Let's begin by reviewing a couple of things.  1) Peckarsky,, Freshwater Macroinvertebrates of Northeastern North America, pp. 26-29, key out 6 spiny crawler genera: Drunella, Ephemerella, Serratella, Dannella, Attenella, and Eurylophella.   Of these, I have found 4 in the streams I explore -- I have not seen Dannella and Attenella.   I'd like to find all 6 genera, so I intend to poke around in some new streams next spring.

2) The spiny crawlers in the 4 genera I've found all have gills on top of abdominal segments 4-7.  But the gill on 7 is always partially covered, and in the genus Eurylophella, the gills on 7 and 6 are both covered by the large operculate gills on segments 4 and 5.  (First photo below -- abdomen of Serratella: second photo below -- abdomen of Eurylophella.)

Now let me present my findings for 2011 in chronological order.

I. genus Ephemerella

1. E. subvaria

On January 19th, I found two E. subvaria nymphs in the Rapidan River in Madison County.   E. subvaria nymphs are brilliantly colored, and I've not seen them in any of the other streams that I sample.
They produce the "Hendrickson" hatch for fly fishermen, usually hatching sometime in mid-April (Knopp and Cormier, pp. 195-202).  I found more E. subvaria nymphs in the Rapidan on 2/23, and again -- but for the last time -- on 3/24.  Pictures from 1/9 and 3/24 are posted below.

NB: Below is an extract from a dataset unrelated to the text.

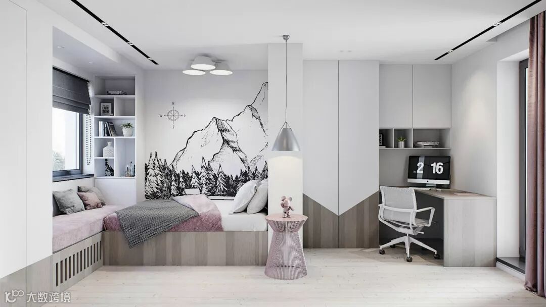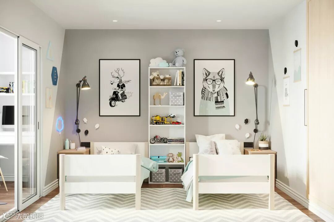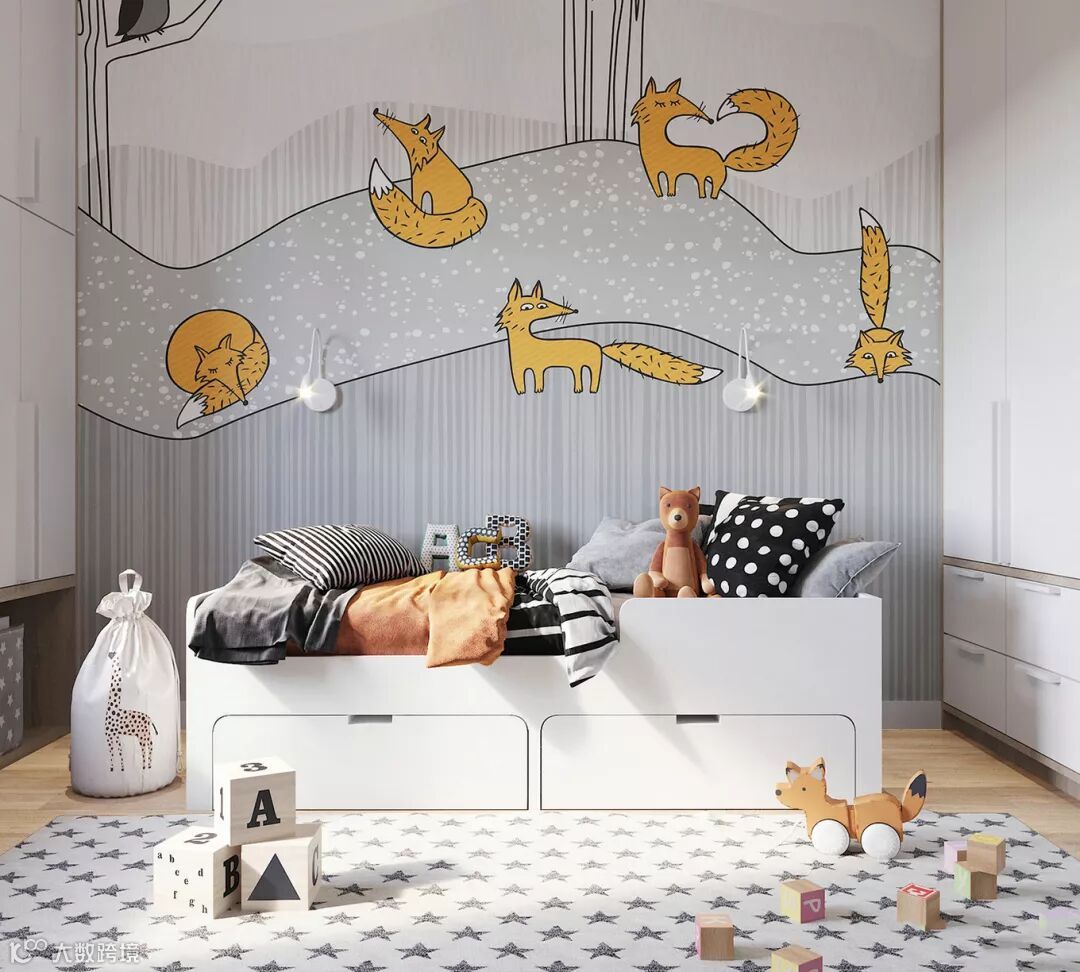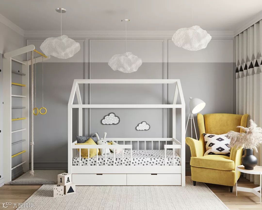 大多数父母在装修儿童房的时候会考虑一个更换周期,避开太过卡通可爱的装修风格,特别是墙面区域。

Since by January the nymphs of this species are already fairly mature, they are obviously growing up in  the fall.  And lo and behold, I found a tiny E. subvaria nymph on a trip to the Rapidan River last month (9/12)!  He's got a long way to go.

2. E. dorothea

Most spiny crawlers we see in our streams are, in species,  Ephemerella dorothea.  During the three months of spring -- March, April, and May -- our streams are loaded with them.  They can dominate stream populations -- during their season -- like no other taxon, with the possible exception of black fly larvae during the winter.  The nymph in the photo at the top of the page was found on 5/18 in a small stream that flows into the Moormans in Sugar Hollow.  The three pictured below were found on 3/18 at the Whippoorwill Branch of the Mechums, 4/11 at the Rapidan River, and  4/23 in Buck Mt. Creek.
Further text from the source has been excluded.